On Sun, 27. Dec 11:38, Linus Torvalds wrote:
> On Sat, Dec 26, 2020 at 6:38 PM Hugh Dickins <hu...@google.com> wrote:
> >
> > This patch (like its antecedents) moves the pte_unmap_unlock() from
> > after do_fault_around()'s "check if the page fault is solved" into
> > filemap_map_pages() itself (which apparently does not NULLify vmf->pte
> > after unmapping it, which is poor, but good for revealing this issue).

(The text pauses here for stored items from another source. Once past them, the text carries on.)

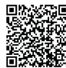
まちづくり計画 QRコード

HPアドレス: 18_yamamotoyamate.pdf (city.takarazuka.hyogo.jp)
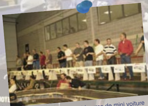
5 et 6 novembre : Les 24 heures de mini voiture
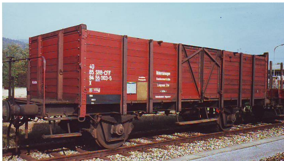
Art. Nr. 1113. Materialwagen X „Baudienst“ Epoche IV-V
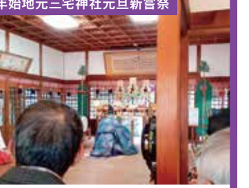
年始地元三宅神社元旦新嘗祭
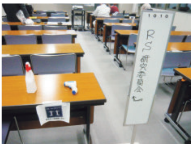
写真-3 会場に設けられた新型コロナウイルスの感染対策グッズ
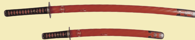
朱漆塗蛭巻鞘大小拵

13代直弼の愛娘弥千代の婚礼のために調えられた、大揃いの雑道具。その華麗さに釘付け！
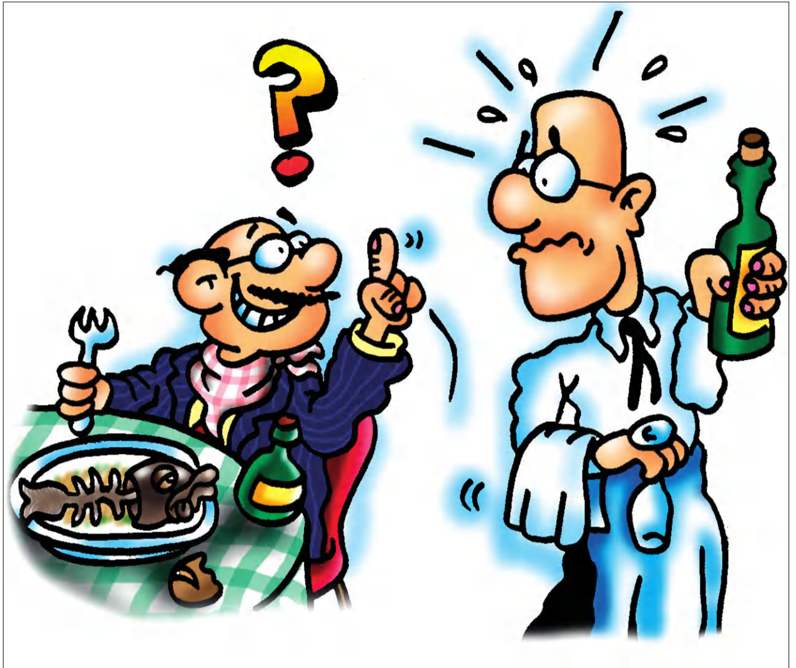
Ilustración de Enrique García.

Uno de los invitados que se encontraba sentado junto al ministro y que no había tenido la gran dicha de nacer en tan afortunada cuna marinera y malagueña, al ver y al comprobar lo delicioso que ésta "Japuta" estaba, preguntó a uno de los camareros por el nombre de tan exquisito pez. El camarero quería corresponder al requerimiento de tan digno comensal, pero no sabía cómo decirle el nombre del pescado, sin que le tomaran por un soez empleado. A la sazón se percató de que el ministro había oído la pregunta y miraba a ambos. El camarero se
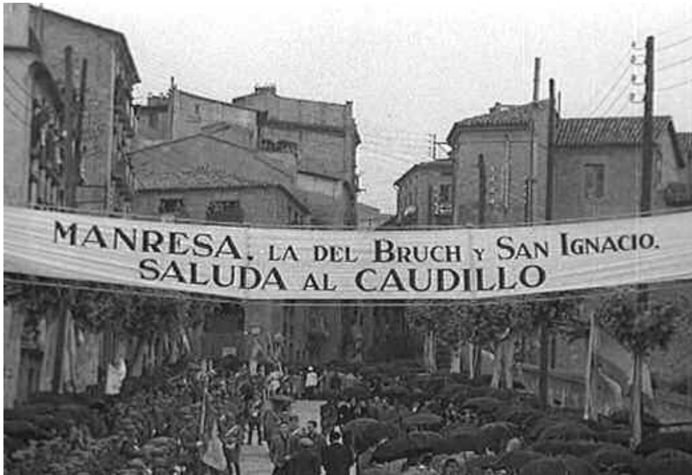
Imatge del documental, procedent de l'arxiu del NO-DO, sobre la primera visita de Franco a Manresa (1947).

Siendo, pues, ya necesario atacar esta corruptela y establecer en el orden de la vida pública el respeto debido a la gloriosa lengua española, que es y debe ser patrimonio común de todos los connacionales, he resuelto disponer lo que sigue: PRIMERO. - A partir del día 1º de agosto próximo, todos los funcionarios interinos de las Corporaciones provinciales y municipales de esta provincia, cualesquiera que sea su categoría, que en acto de servicio, dentro o fuera de los edificios oficiales, se expresen en otro idioma que no sea el oficial del Estado quedarán "ipso facto" destituidos, sin ulterior recurso. SEGUNDO. - Si se tratase de funcionarios de plantilla, titulares o propietarios en tales corporaciones, y se hallaran pendientes de depuración, dicha falta determinará la conclusión del expediente en el estado en que se hallare y la inmediata destitución del transgresor sin ulterior recurso. Si se tratase de funcionarios ya depurados y readmitidos incondicional o condicionalmente, se resolverá en expediente de depuración y
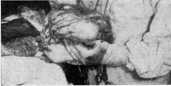
FIG. 2.—El grueso tumor está casi totalmente liberado. Falta ligar un pedículo vascular.
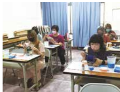
• 協會開設成人技職教學班，增加第二專長學習機會。
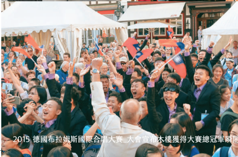
2015 德國布拉姆斯國際合唱大賽_大會宣布木樓獲得大賽總冠軍瞬間
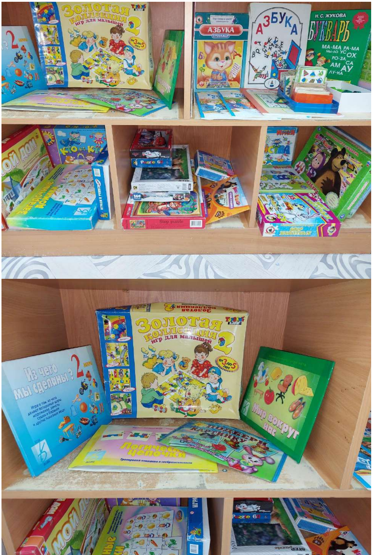
Центр «Школа»: различные прописи, тренажеры, азбука, букварь, лото, магнитные буквы, цифры, карточки для чтения по слогам, указка, магнитная доска. Дидактические игры «Азбука – тренажер», «Собери слово».
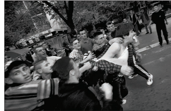
Kosovo, Pristina_Hetzjagd auf Serben_ 2000
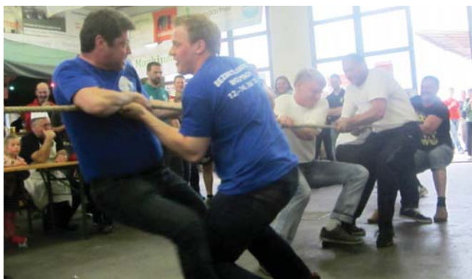
Doping mit Schafkäse führte die „Schofkas-Buam“ auch beim Seilziehen gegen den Musikverein Wolfsbach zum Erfolg.

Ernennungen und Ehrungen / Die FF-Aschbach nahm das 130-jährige Bestehen zum Anlass für die Durchführung von Leistungsbewerben. Beim anschließenden Abschnitts-Feuerwehrtag wurden
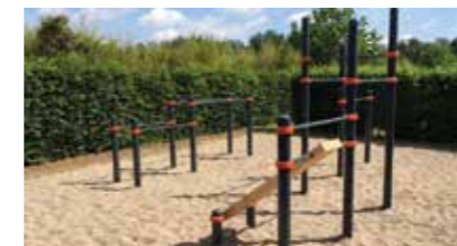
Street-Workout-Park Eckermannpark 21423 Winsen (Luhe)
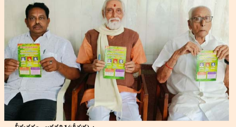
భీమవరం, జనవరి 1 (శ్రీచక్ర) :

● త్యాగరాజ భవనం, అల్లూరి సీతారామరాజు సాంస్కృతిక కేంద్రంలో ఉత్సవాలు.. సన్నాహాలు పూర్తి
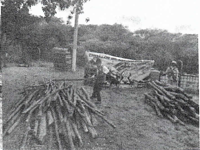
Foto 4. Varas y puntales de yaguaró ubicadas en la Base del Ejército de Artillería de Defensa Antiaerea de Albania, La Guajira.
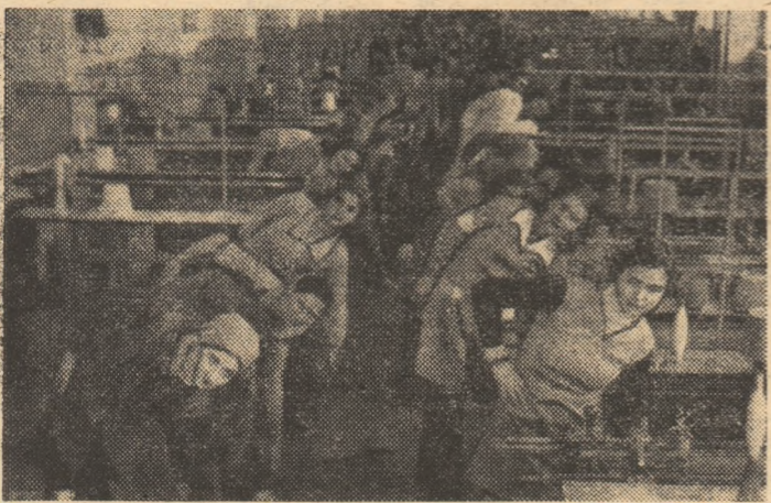
Momente de destindere, sănătate și întărire a capacității de muncă la o unitate a Cooperativei Voința din Capitală
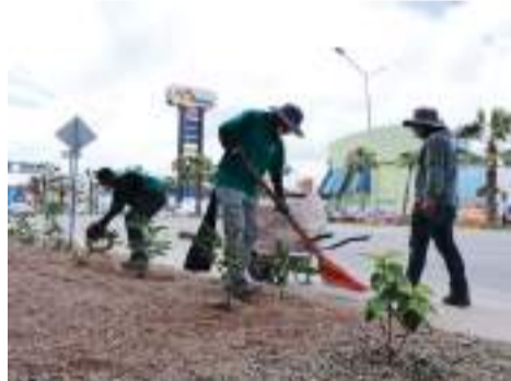
TIJUANA.- Más de 3 mil pinos navideños fueron convertidos en “Mucho Mulch” para mejorar áreas verdes en Tijuana.

El objetivo es mejorar áreas verdes y promover la infiltración de agua en Tijuana con el uso de “Mucho Mulch”
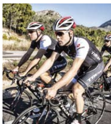
Irizar, talde berriaz.

Oñatikoak, baina, ez zuen zorte ona izan distantzia motzeko erlojupekoan, zulatua izan zuen eta aukera guztiak galdu.
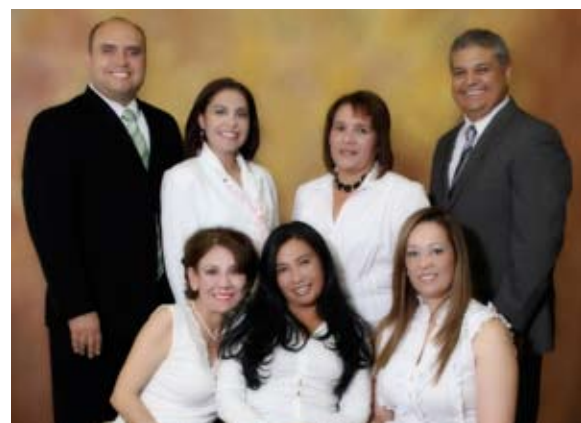
Presidentes de comisiones integrantes de la Vicepresidencia de Relaciones y Difusión

Invitamos cordialmente a los socios a integrarse a las diversas comisiones que conforman la Vicepresidencia de Relaciones y difusión. A
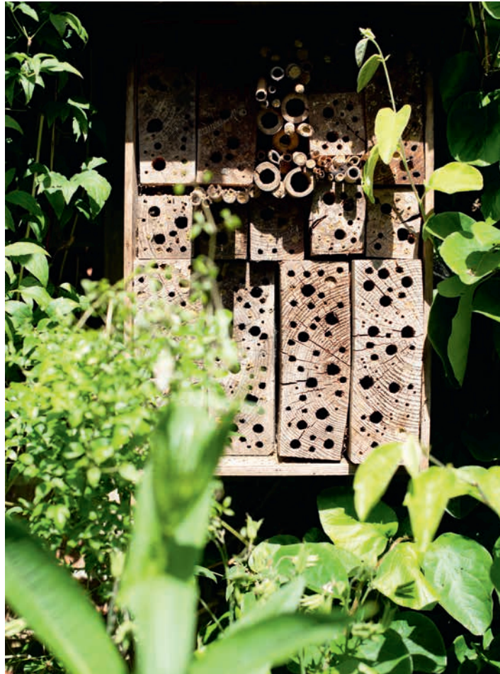
Een (zelfgemaakt) bijenhotel mag in een ecologische tuin uiteraard niet ontbreken.
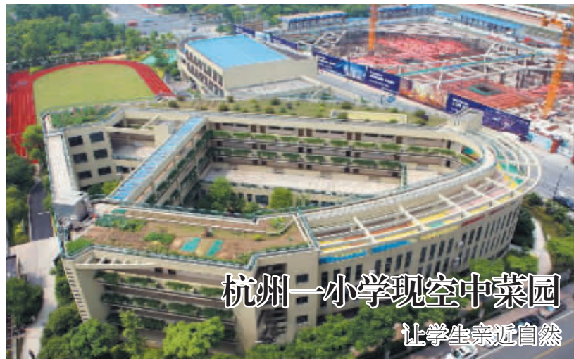
杭州一小学现空中菜园 让学生亲近自然

5 月 15 日,记者在杭州火车东站附近一楼顶拍照时,发现脚下一所小学楼顶种植了许多蔬菜,菜地里有西红柿、刀豆、土豆、黄瓜等数十种蔬菜。
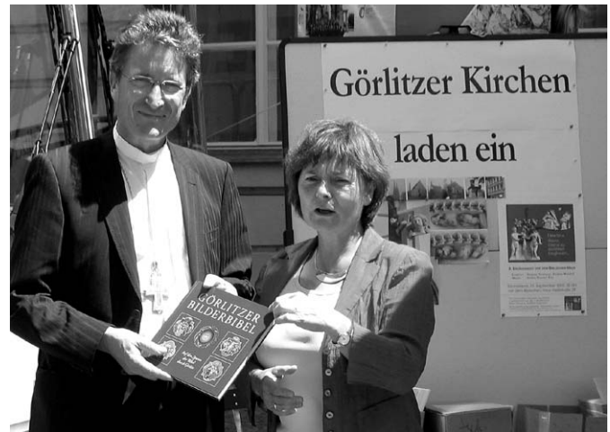
Bischof Huber und OKRin Kempgen am Görlitzer Stand

setzung in analoger Lesegeschwindigkeit zu halten. Und genau hier setzte einmal mehr die zauberhafte Gelassenheit solcher Tage ein. Singende und feiernde Menschen, sich unbekannt Umarmende, miteinander Lachende und Weinende. „Zur Hoffnung eingeladen“ – ja, man war angekommen.
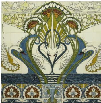
Goedewaagen, tegeltableau, 1992, schilder Gerard van Doorn, naar aquarelontwerp Bert Nienhuis, 1902
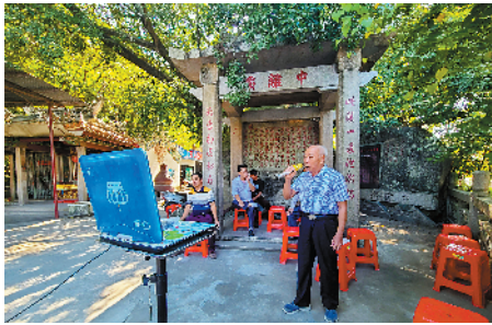
■潮州市潮安区金石镇,村民在文化广场唱潮剧。

> > That looks cleaner, but of course there was a very good reason for its
> > original positioning.
> 
> Good catch.
> 
> > Maybe you want to change the ->map_pages prototype, to pass down the
> > requested address too, so that it can report whether the requested
> > address was resolved or not.  Or it could be left to __do_fault(),
> > or even to a repeated fault; but those would be less efficient.
> 
> Let's keep the old really odd "let's unlock in the caller" for now,
> and minimize the changes.
> 
> Adding a big big comment at the end of filemap_map_pages() to note the
> odd delayed page table unlocking.
> 
> Here's an updated patch that combines Kirill's original patch, his
> additional incremental patch, and the fix for the pte lock oddity into
> one thing.
> 
> Does this finally pass your testing?
> 
>                Linus
Hello together,


when i try to build this patch, i got the following error:

 CC      arch/x86/kernel/cpu/mce/threshold.o
mm/memory.c:3716:19: error: static declaration of ‘do_set_pmd’ follows 
non-static declaration
 static vm_fault_t do_set_pmd(struct vm_fault *vmf, struct page *page)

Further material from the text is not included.